Why was none of this sympathy extended to Richardson last year? Is it simply that Valieva’s vulnerability due to age trumps Richardson’s vulnerability due to an emotionally trying death of her mother?
Richardson and Valieva’s cases are not the same. Sha’Carri, though faced with the unbelievable anguish of losing a parent, ingested marijuana willingly, through it’s not a performance-enhancing drug. It is improbable that Valieva ingest a performance enhancing drug entirely at her own will.
Valieva cannot be held wholly accountable for her positive test. However, the problem is that the Court has placed no accountability on anyone or in any form for her positive test. No coaches, no parents, no other individuals in her circle. Following the positive drug tests, Valieva’s white skates quadruple jumped over ice in Beijing while Richardson remained in Dallas, her spikes not so much as grazing the surface of the tracks of Tokyo.
I regret naming Valieva a “poor girl” as I did when I talked to my grandmother and best friend last Sunday. Valieva, trimetazidine and all, spins untouched over a court that refuses to hold her accountable in any way but did not hesitate to remove a Black athlete.

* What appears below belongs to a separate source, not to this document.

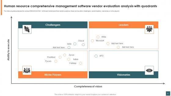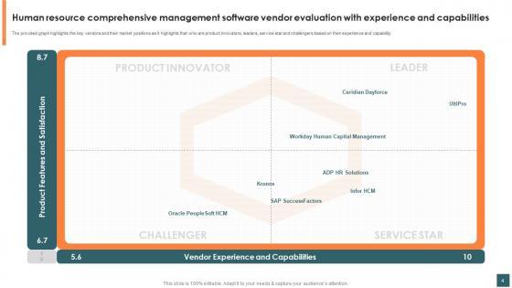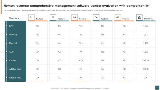 This Human Resource Comprehensive Management Software Vendor Evaluation Ppt Powerpoint Presentation Complete Deck is designed to help you retain your audiences attention. This content-ready PowerPoint Template enables you to take your audience on a journey and share information in a way that is easier to recall. It helps you highlight the crucial parts of your work so that the audience does not get saddled with information download. This sixteen slide PPT Deck comes prepared with the graphs and charts you could need to showcase your information through visuals. You only need to enter your own data in them. Download this editable PowerPoint Theme and walk into that meeting with confidence. Our Human Resource Comprehensive Management Software Vendor Evaluation Ppt Powerpoint Presentation Complete Deck are topically designed to provide an attractive backdrop to any subject. Use them to look like a presentation pro.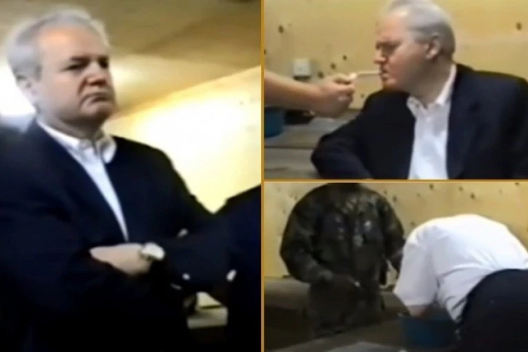 Milošević, u odelu i beloj košulji, ulazi u prostoriju u pratnji nekoliko osoba u maskirnim vojnim uniformama. Bivši predsednik SRJ je nekoliko trenutaka sedeo, potom mirno šetao po prostoriji sa rukama iz leđa, a u jednom trenutku je sa prisutnima počeo da razgovara na engleskom.

I want more clarity from the court on their decision. I want Valieva’s coaches and staff to be held as accountable for this behavior as Sha’Carri was for her actions.
Although I do not wholly contend that the only difference between Valieva and Richardson’s cases is that of race, I resonate with Richardson’s frustrations expressed on Twitter on Feb. 14.
“Can we get a solid answer on the difference [between] her situation and mine?” Richardson tweeted. “My mother died and I can’t run and was also favored to place top 3. The only difference I see is I’m a black young lady.”